Goal of the exercise>
Your output should be the lines below from the one with "無碳材料被廣泛應(yīng)" through the one with "nyugodt nőiességgel társítva", copied exactly, pictures excluded.

Records for processing>
BEGIN
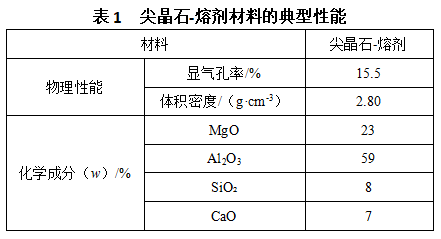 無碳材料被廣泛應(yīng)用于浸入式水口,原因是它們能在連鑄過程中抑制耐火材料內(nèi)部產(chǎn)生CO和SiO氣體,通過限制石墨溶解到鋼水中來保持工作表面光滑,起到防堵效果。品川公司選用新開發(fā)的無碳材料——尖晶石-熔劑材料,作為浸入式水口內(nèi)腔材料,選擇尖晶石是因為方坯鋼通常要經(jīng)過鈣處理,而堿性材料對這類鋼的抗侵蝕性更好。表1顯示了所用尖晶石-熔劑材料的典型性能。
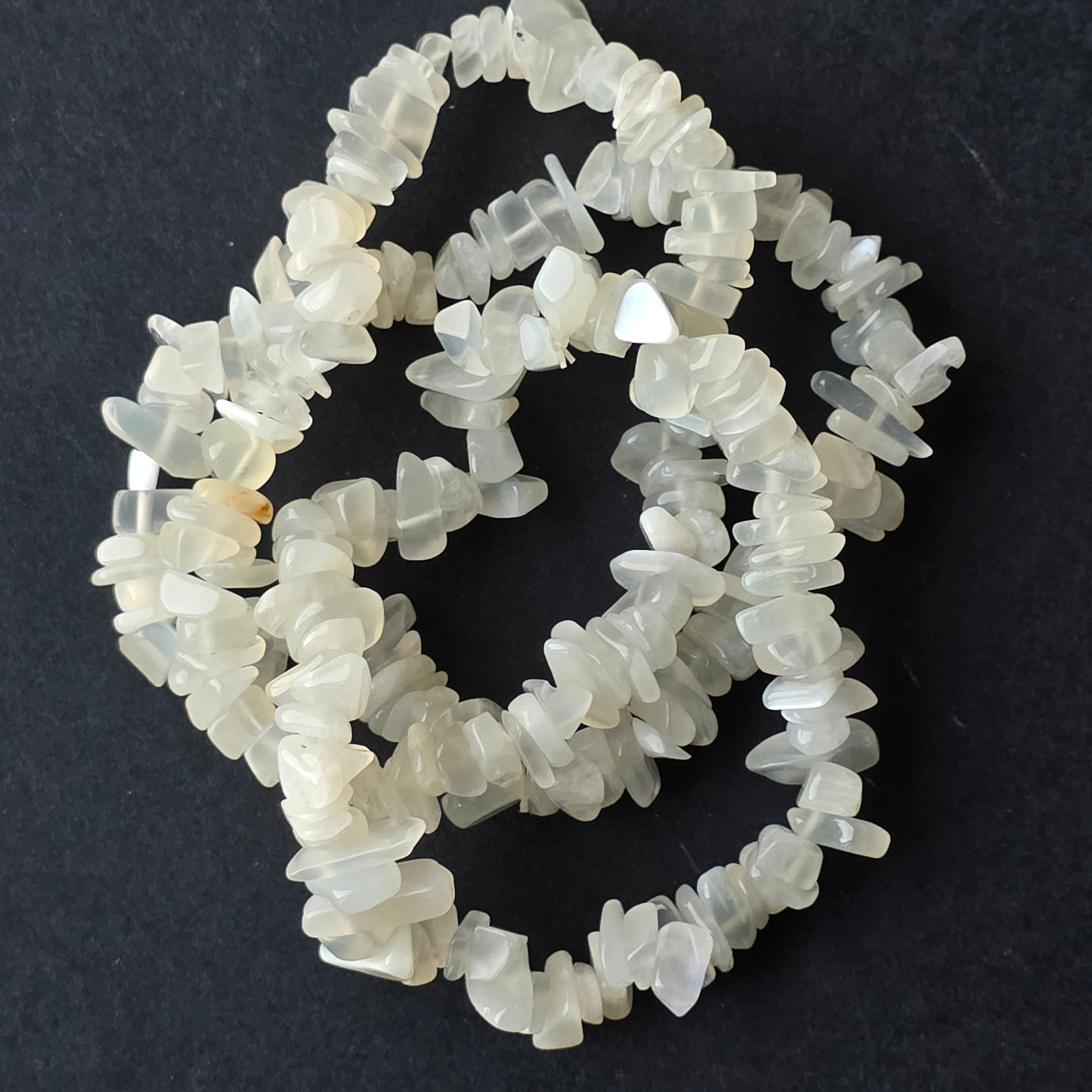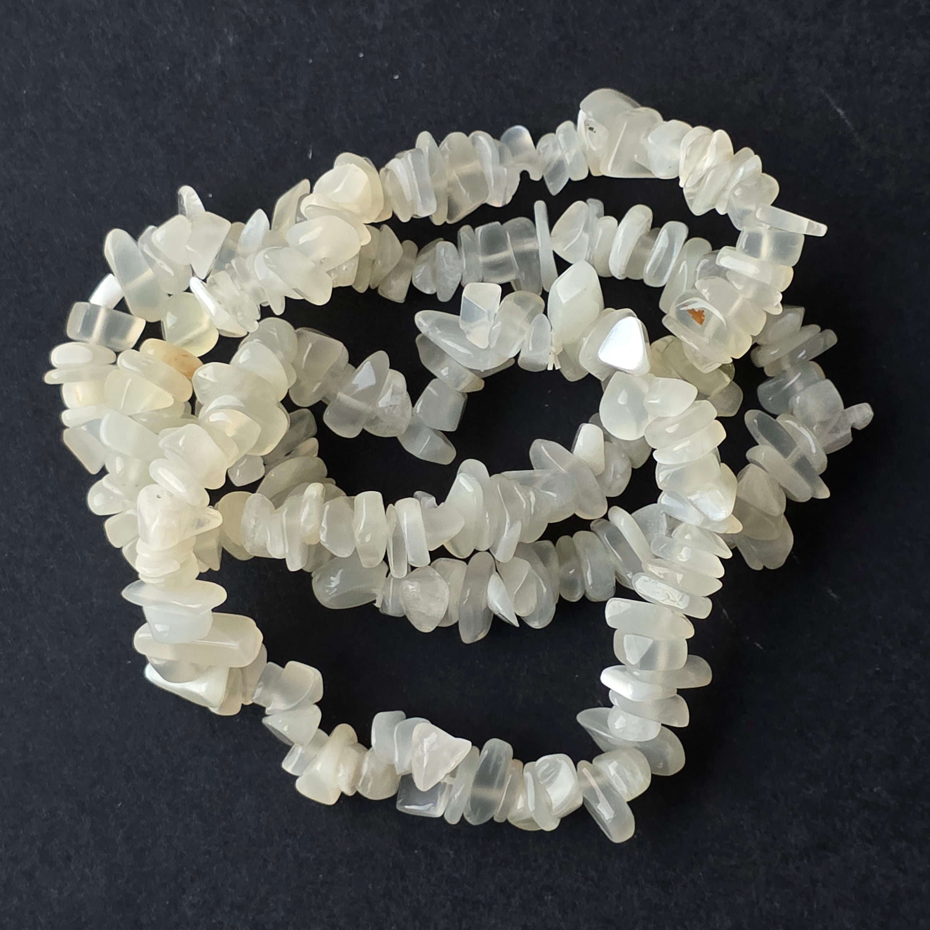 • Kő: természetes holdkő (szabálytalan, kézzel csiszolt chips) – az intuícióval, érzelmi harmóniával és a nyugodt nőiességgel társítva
END
BEGIN
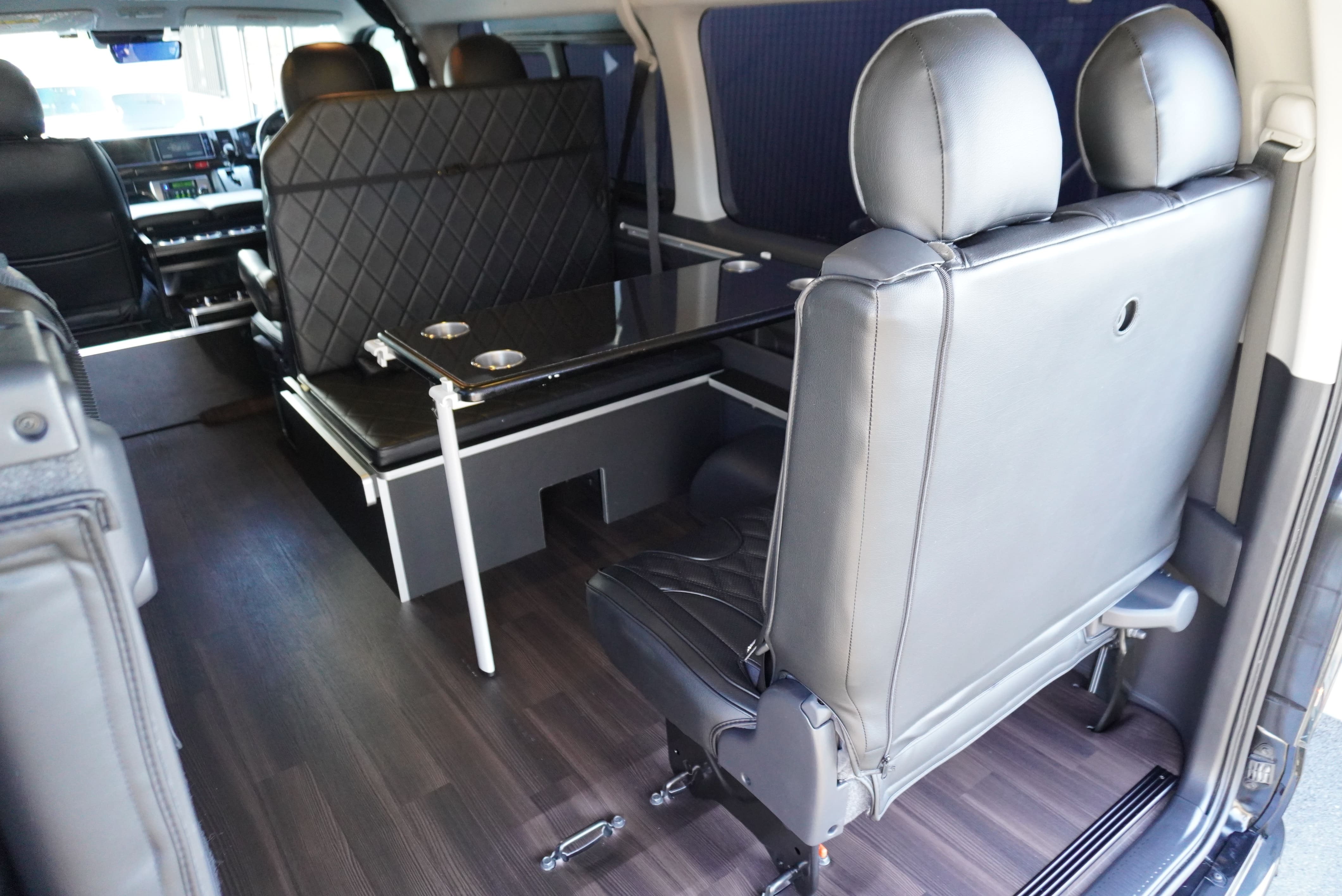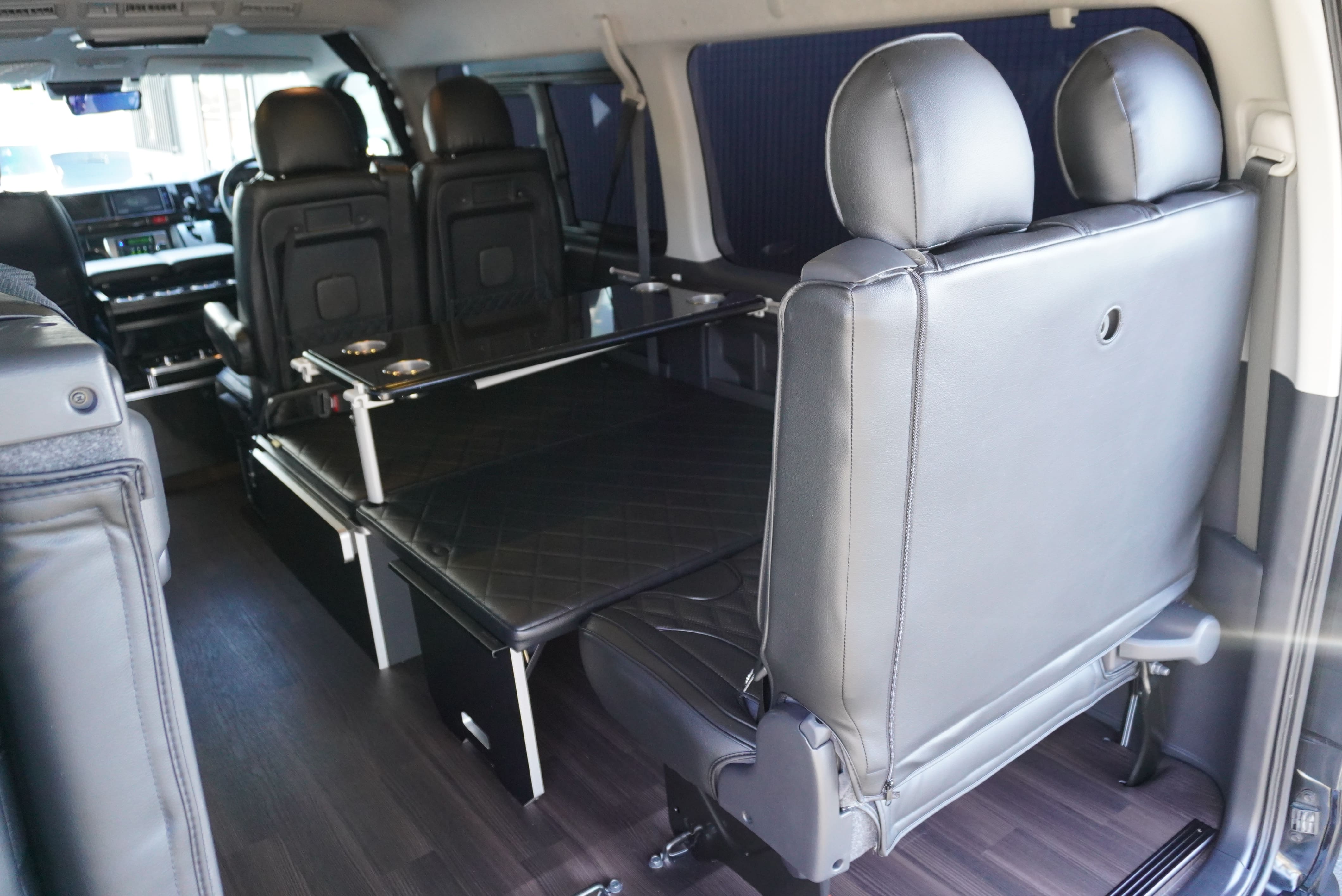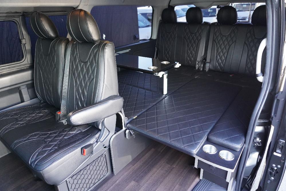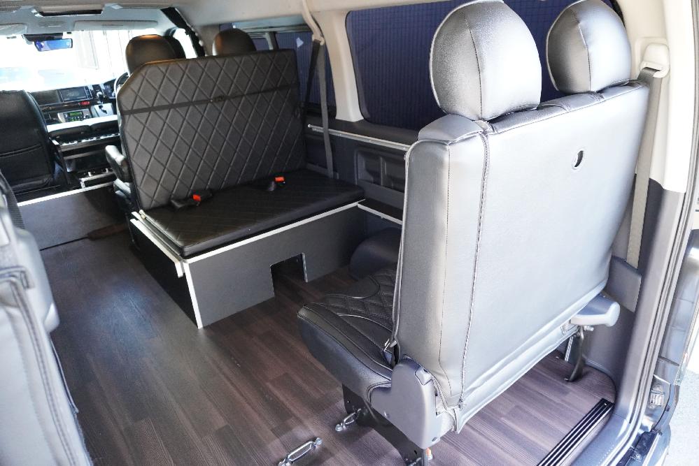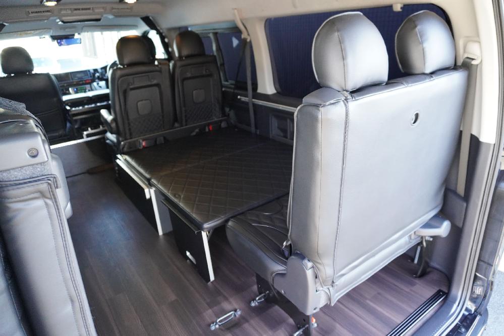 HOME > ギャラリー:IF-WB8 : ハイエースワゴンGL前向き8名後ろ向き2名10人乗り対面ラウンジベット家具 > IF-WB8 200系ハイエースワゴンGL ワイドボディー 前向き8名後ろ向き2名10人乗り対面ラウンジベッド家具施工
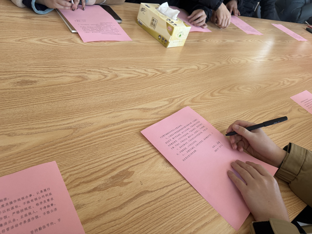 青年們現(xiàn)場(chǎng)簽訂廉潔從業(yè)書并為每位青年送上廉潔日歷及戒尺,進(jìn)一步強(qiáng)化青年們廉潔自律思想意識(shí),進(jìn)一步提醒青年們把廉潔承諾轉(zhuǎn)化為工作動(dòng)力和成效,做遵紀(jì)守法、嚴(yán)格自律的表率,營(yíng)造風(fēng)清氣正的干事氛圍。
END
Response to the exercise>
 無碳材料被廣泛應(yīng)用于浸入式水口,原因是它們能在連鑄過程中抑制耐火材料內(nèi)部產(chǎn)生CO和SiO氣體,通過限制石墨溶解到鋼水中來保持工作表面光滑,起到防堵效果。品川公司選用新開發(fā)的無碳材料——尖晶石-熔劑材料,作為浸入式水口內(nèi)腔材料,選擇尖晶石是因為方坯鋼通常要經(jīng)過鈣處理,而堿性材料對這類鋼的抗侵蝕性更好。表1顯示了所用尖晶石-熔劑材料的典型性能。
 • Kő: természetes holdkő (szabálytalan, kézzel csiszolt chips) – az intuícióval, érzelmi harmóniával és a nyugodt nőiességgel társítva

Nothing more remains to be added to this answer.